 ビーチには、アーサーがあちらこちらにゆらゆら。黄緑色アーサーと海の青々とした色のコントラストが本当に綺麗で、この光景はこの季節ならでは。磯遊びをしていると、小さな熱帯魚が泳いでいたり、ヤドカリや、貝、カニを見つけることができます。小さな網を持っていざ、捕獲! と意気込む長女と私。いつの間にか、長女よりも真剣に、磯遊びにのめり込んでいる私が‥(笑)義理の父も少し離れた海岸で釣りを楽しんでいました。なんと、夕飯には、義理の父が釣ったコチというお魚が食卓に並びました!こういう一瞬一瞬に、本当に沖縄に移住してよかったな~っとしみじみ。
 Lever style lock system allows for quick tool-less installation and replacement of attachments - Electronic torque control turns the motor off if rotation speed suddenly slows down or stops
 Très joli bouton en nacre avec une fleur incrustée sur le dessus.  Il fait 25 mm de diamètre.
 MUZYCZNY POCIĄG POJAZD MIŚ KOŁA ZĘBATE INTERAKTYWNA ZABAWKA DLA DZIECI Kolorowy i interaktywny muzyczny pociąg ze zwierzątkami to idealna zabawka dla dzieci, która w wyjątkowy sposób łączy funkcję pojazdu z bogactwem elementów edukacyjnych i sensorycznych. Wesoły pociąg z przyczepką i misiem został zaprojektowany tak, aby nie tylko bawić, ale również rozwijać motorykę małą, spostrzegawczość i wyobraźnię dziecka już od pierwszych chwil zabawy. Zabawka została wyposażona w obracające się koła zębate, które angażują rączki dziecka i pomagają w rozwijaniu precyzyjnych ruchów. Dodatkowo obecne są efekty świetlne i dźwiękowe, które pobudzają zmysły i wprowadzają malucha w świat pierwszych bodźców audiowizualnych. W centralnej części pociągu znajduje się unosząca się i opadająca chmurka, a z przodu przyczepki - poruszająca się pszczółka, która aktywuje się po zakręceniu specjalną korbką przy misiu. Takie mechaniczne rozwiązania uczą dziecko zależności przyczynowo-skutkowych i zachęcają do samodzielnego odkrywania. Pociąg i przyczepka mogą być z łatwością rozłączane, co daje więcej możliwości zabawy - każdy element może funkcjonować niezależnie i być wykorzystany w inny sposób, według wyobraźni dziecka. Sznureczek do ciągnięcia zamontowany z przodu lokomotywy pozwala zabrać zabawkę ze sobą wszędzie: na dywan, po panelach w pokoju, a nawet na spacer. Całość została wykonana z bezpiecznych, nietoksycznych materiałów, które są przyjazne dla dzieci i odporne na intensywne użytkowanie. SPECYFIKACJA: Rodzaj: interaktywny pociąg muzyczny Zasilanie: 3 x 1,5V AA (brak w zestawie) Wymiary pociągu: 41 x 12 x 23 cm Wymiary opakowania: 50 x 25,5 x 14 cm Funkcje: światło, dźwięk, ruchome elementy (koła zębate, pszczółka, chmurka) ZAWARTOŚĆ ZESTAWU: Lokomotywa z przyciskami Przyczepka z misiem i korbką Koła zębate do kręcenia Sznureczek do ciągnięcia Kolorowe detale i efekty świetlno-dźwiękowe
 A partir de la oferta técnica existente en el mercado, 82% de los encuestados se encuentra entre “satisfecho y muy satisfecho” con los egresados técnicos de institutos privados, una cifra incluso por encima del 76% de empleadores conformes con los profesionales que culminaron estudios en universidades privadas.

···

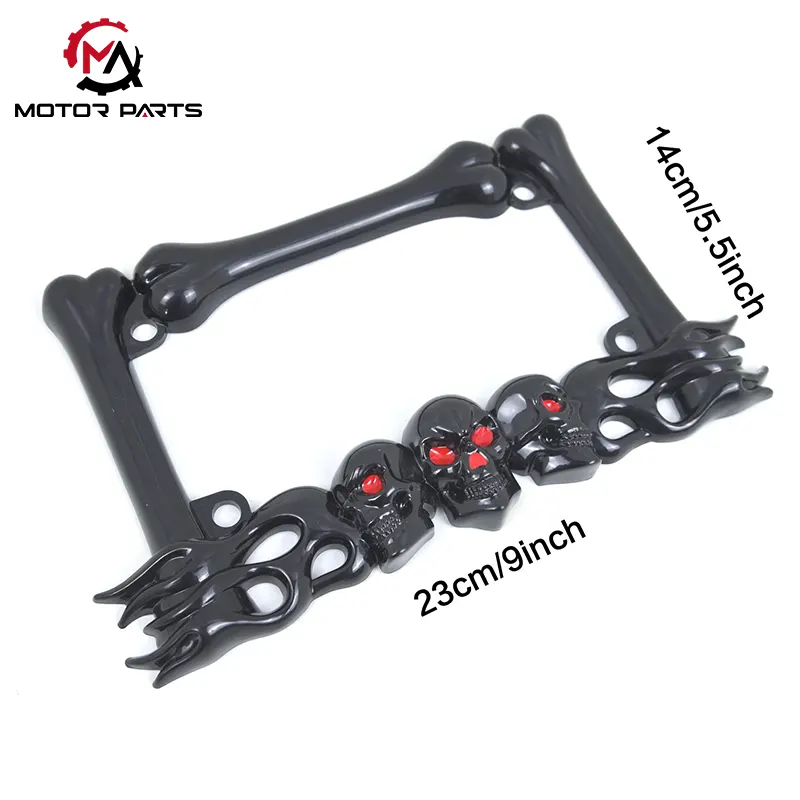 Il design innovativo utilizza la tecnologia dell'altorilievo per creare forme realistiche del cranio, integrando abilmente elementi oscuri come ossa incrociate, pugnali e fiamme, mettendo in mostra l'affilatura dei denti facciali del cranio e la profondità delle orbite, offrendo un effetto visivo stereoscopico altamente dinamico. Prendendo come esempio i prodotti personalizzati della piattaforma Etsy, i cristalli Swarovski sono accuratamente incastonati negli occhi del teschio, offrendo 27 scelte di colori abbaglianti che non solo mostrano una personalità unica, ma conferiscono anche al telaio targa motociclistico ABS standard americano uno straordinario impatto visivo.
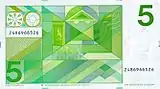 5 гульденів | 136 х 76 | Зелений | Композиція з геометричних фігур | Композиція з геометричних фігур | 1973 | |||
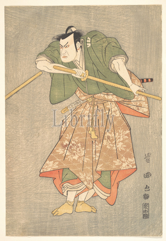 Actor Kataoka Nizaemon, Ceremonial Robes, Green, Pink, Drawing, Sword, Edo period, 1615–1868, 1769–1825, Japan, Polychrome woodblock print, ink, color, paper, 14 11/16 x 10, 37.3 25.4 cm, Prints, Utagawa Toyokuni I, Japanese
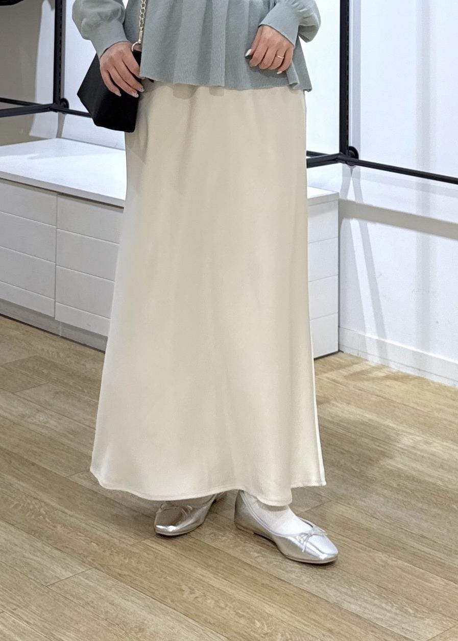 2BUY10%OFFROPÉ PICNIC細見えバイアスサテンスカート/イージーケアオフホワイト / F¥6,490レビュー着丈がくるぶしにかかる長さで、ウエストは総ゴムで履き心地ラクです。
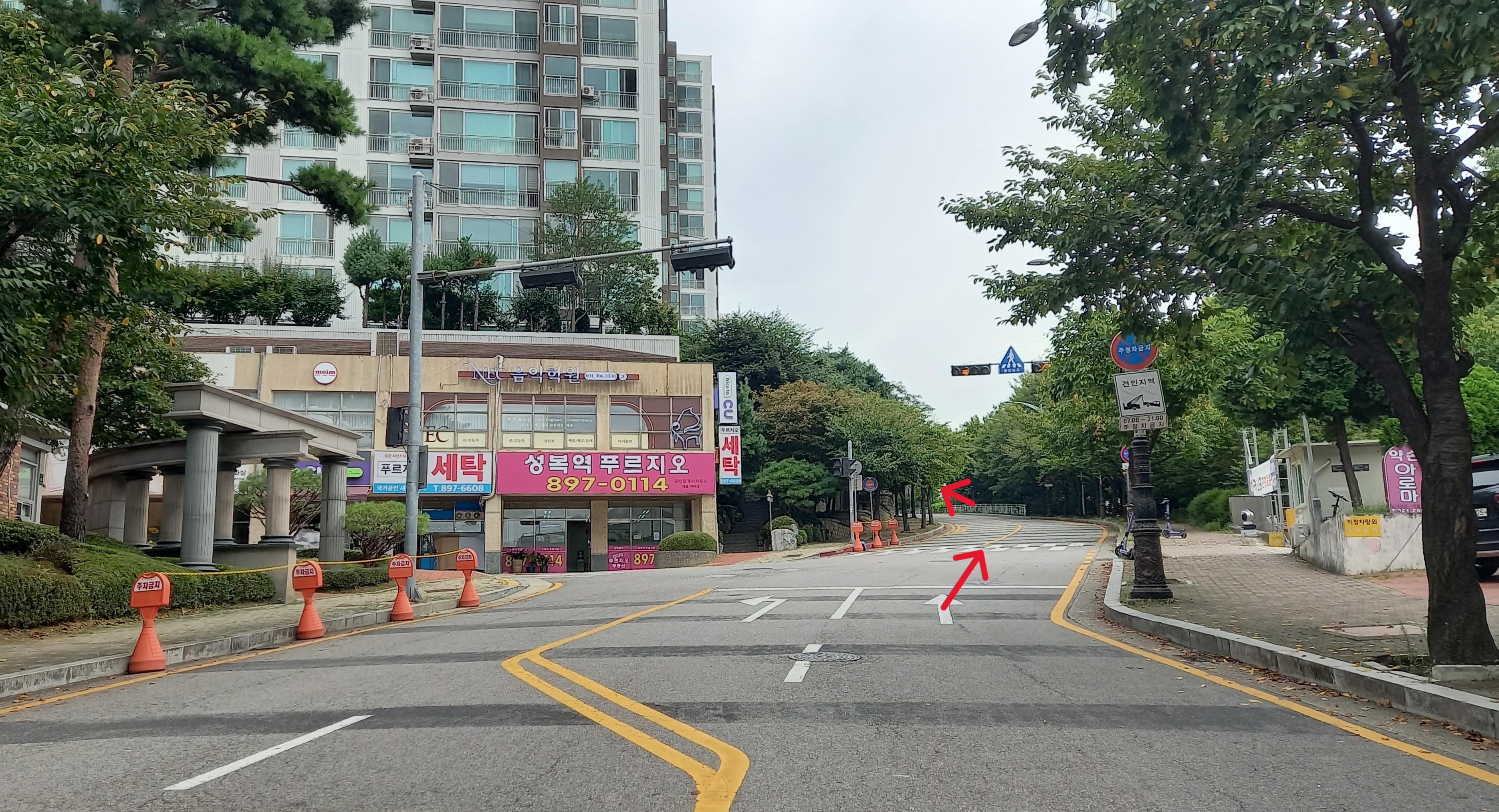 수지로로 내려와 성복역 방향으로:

···

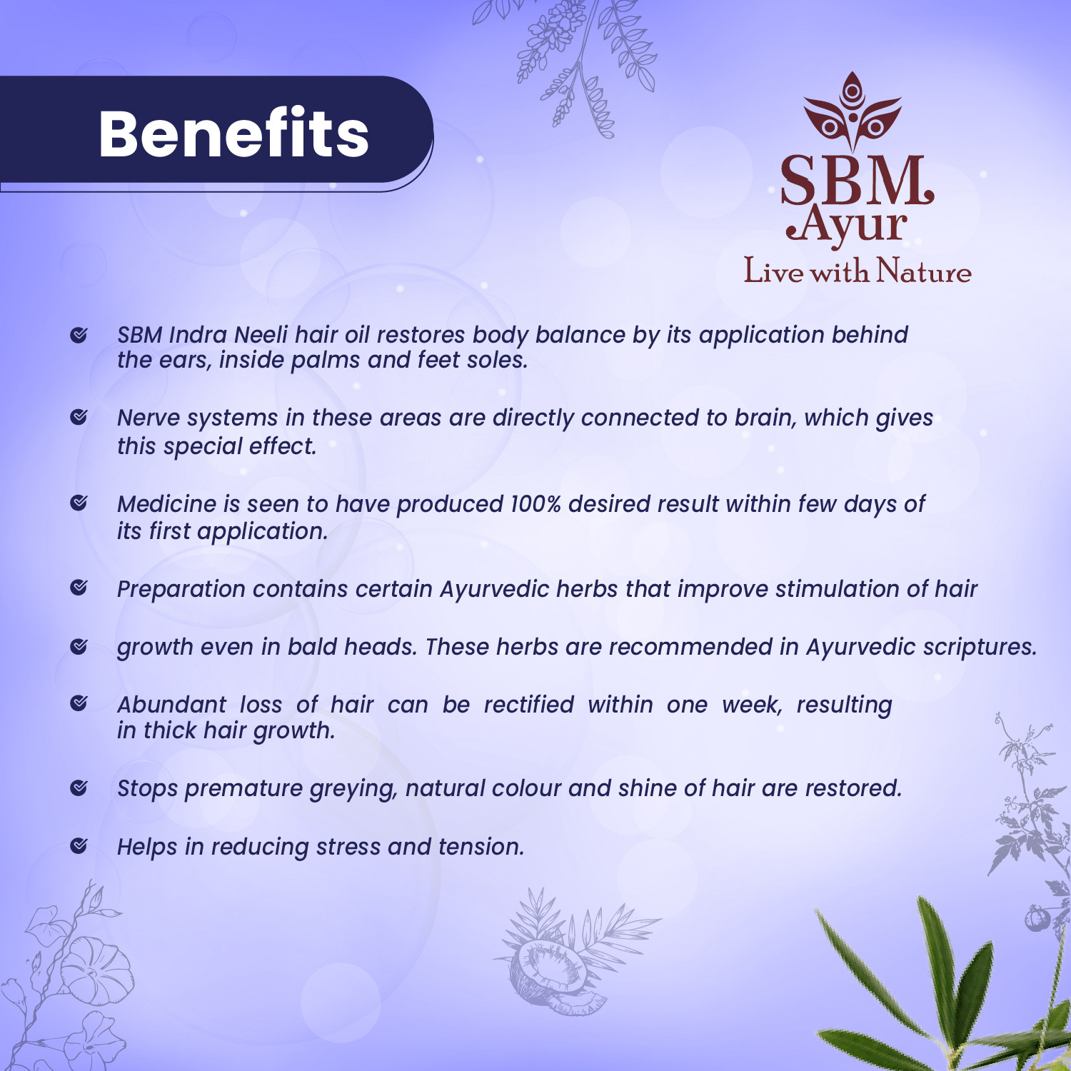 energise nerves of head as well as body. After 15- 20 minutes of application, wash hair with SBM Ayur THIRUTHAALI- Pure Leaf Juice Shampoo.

···

→ EXERCISE INSTRUCTIONS
Starting at the line that has "Lever style lock" and ending at the line that has "MUZYCZNY POCIĄG POJAZD", please write out the lines above exactly, leaving out all others.

→ RESPONSE BELOW
 Lever style lock system allows for quick tool-less installation and replacement of attachments - Electronic torque control turns the motor off if rotation speed suddenly slows down or stops
 Très joli bouton en nacre avec une fleur incrustée sur le dessus.  Il fait 25 mm de diamètre.
 MUZYCZNY POCIĄG POJAZD MIŚ KOŁA ZĘBATE INTERAKTYWNA ZABAWKA DLA DZIECI Kolorowy i interaktywny muzyczny pociąg ze zwierzątkami to idealna zabawka dla dzieci, która w wyjątkowy sposób łączy funkcję pojazdu z bogactwem elementów edukacyjnych i sensorycznych. Wesoły pociąg z przyczepką i misiem został zaprojektowany tak, aby nie tylko bawić, ale również rozwijać motorykę małą, spostrzegawczość i wyobraźnię dziecka już od pierwszych chwil zabawy. Zabawka została wyposażona w obracające się koła zębate, które angażują rączki dziecka i pomagają w rozwijaniu precyzyjnych ruchów. Dodatkowo obecne są efekty świetlne i dźwiękowe, które pobudzają zmysły i wprowadzają malucha w świat pierwszych bodźców audiowizualnych. W centralnej części pociągu znajduje się unosząca się i opadająca chmurka, a z przodu przyczepki - poruszająca się pszczółka, która aktywuje się po zakręceniu specjalną korbką przy misiu. Takie mechaniczne rozwiązania uczą dziecko zależności przyczynowo-skutkowych i zachęcają do samodzielnego odkrywania. Pociąg i przyczepka mogą być z łatwością rozłączane, co daje więcej możliwości zabawy - każdy element może funkcjonować niezależnie i być wykorzystany w inny sposób, według wyobraźni dziecka. Sznureczek do ciągnięcia zamontowany z przodu lokomotywy pozwala zabrać zabawkę ze sobą wszędzie: na dywan, po panelach w pokoju, a nawet na spacer. Całość została wykonana z bezpiecznych, nietoksycznych materiałów, które są przyjazne dla dzieci i odporne na intensywne użytkowanie. SPECYFIKACJA: Rodzaj: interaktywny pociąg muzyczny Zasilanie: 3 x 1,5V AA (brak w zestawie) Wymiary pociągu: 41 x 12 x 23 cm Wymiary opakowania: 50 x 25,5 x 14 cm Funkcje: światło, dźwięk, ruchome elementy (koła zębate, pszczółka, chmurka) ZAWARTOŚĆ ZESTAWU: Lokomotywa z przyciskami Przyczepka z misiem i korbką Koła zębate do kręcenia Sznureczek do ciągnięcia Kolorowe detale i efekty świetlno-dźwiękowe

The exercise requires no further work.